The Idiot and the Betrayal of Language
When Selin Karadağ, the heroine of Elif Batuman’s 2017 novel, The Idiot, arrives for her freshman year at Harvard, she waits in a lot of lines, including at the bank, where she’s given a free dictionary for opening a new account. It’s a cheapo dictionary, useless for a college student; Selin complains to her roommate, Hannah, that it doesn’t contain entries for ratatouille or Tasmanian devil.
“Isn’t the Tasmanian devil a cartoon character?” Hannah asks dismissively.
This line makes a small but perceptive observation that underlies the novel: that what to one person is a word with a necessary function is, to another, a thing, an idea perhaps above the threshold of requiring explication. Words and things do not always correlate. Hannah doesn’t think of the Tasmanian devil as something that needs to be explained in words. You either know it or you don’t. Each of us has our own threshold for significance in language, and it’s that kind of distance in understanding that creates gaps in communication.
The Idiot is set in the year 1995, and the book makes a big deal about email, which, for those of us who attended college in the nineties, was a new and strange, occasionally cockamamie thing, with its chain letters, its new slang, its acronyms and etiquette.

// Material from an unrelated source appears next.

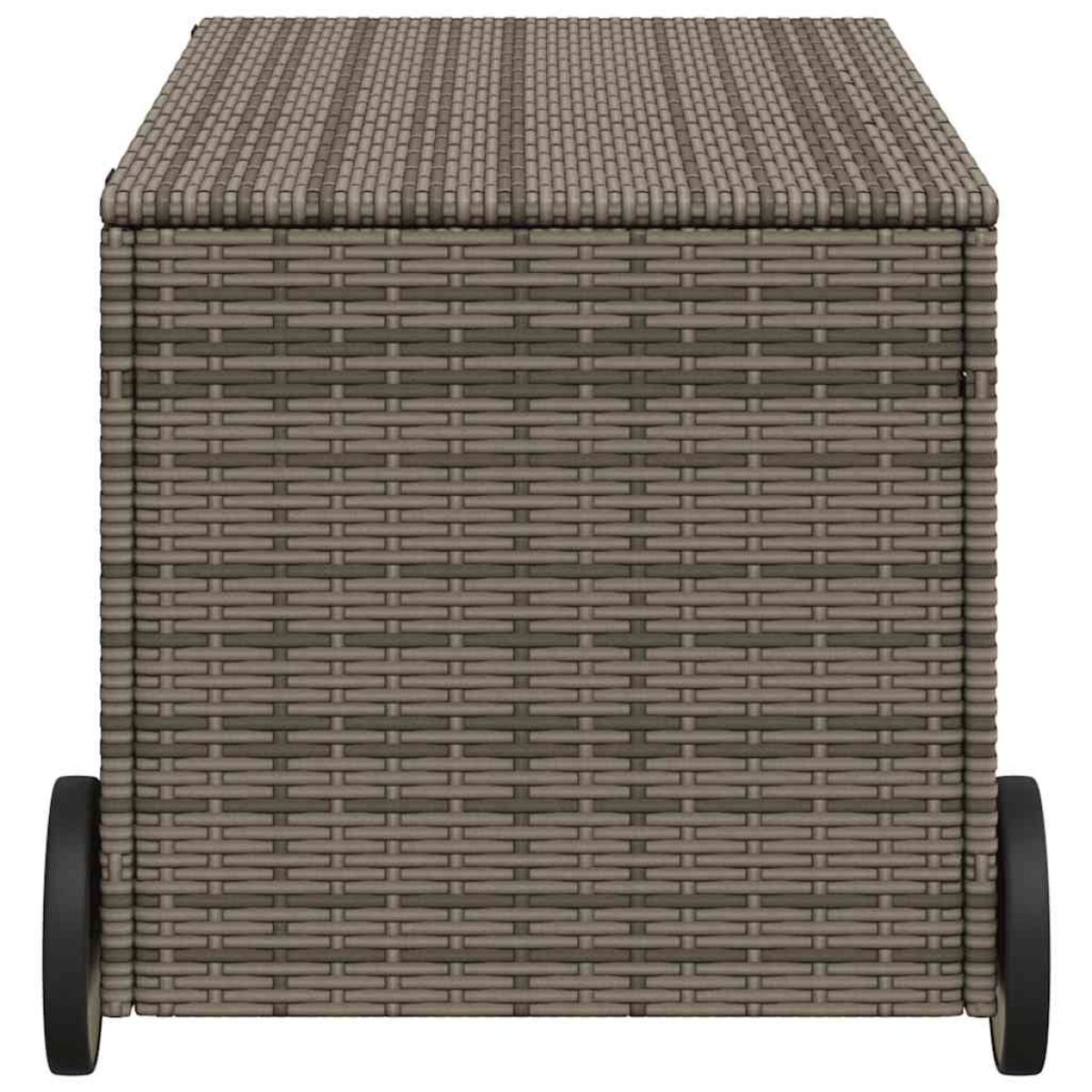 This garden storage box is ideal for storing your cushions, pillows, blankets, and other items in the garden or on the patio. Durable material: PE rattan, also known as poly rattan, is a strong, low-maintenance synthetic material that looks like natural rattan. It's lightweight, easy to clean, and commonly used for outdoor furniture due to its durability and weather-resistant properties.Storage function with water-resistant bag: The garden furniture features a water-resistant bag for storing cushions, and other items. The inner bag can be securely fastened to the outdoor furniture with hook-and-loop fasteners for added stability.Safe and easy to open and close: The gas spring makes it easy to open the lid and keeps it from slamming shut or trapping fingers.Easy to move: The outdoor storage box is designed with 2 wheels and a handle on the one side for easy transport.Robust and stable frame: The powder-coated steel frame ensures that the garden furniture is strong and stable for daily outdoor use. Good to know:To make sure your outdoor furniture stays beautiful, we recommend protecting it with a waterproof cover.

For Selin, email is “another world…always there, unchanged, in a configuration nobody else could see, was a glowing list of messages from all the people you knew, and from people you didn’t know, all in the same letters, like the universal handwriting of thought or of the world.”

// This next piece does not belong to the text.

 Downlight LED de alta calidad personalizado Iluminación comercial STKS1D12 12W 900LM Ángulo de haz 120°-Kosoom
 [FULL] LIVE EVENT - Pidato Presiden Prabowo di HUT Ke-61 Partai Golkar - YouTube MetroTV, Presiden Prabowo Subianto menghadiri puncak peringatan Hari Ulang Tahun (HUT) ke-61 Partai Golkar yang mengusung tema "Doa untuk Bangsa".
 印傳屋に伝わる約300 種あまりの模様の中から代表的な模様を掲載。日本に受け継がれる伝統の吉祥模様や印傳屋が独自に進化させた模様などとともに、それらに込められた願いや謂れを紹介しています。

Selin’s major is linguistics, and her first-semester classes—Linguistics, Russian, Constructed Worlds, the Nineteenth Century Novel and the City in Russia, England, and France—all challenge her to think about language in different ways. She is introduced to the Sapir-Whorf hypothesis of linguistic relativity, which posits that language informs how we receive and process experiences. “I knew I thought differently in Turkish and in English,” she says, “not because thought and language were the same, but because different languages forced you to think about different things.”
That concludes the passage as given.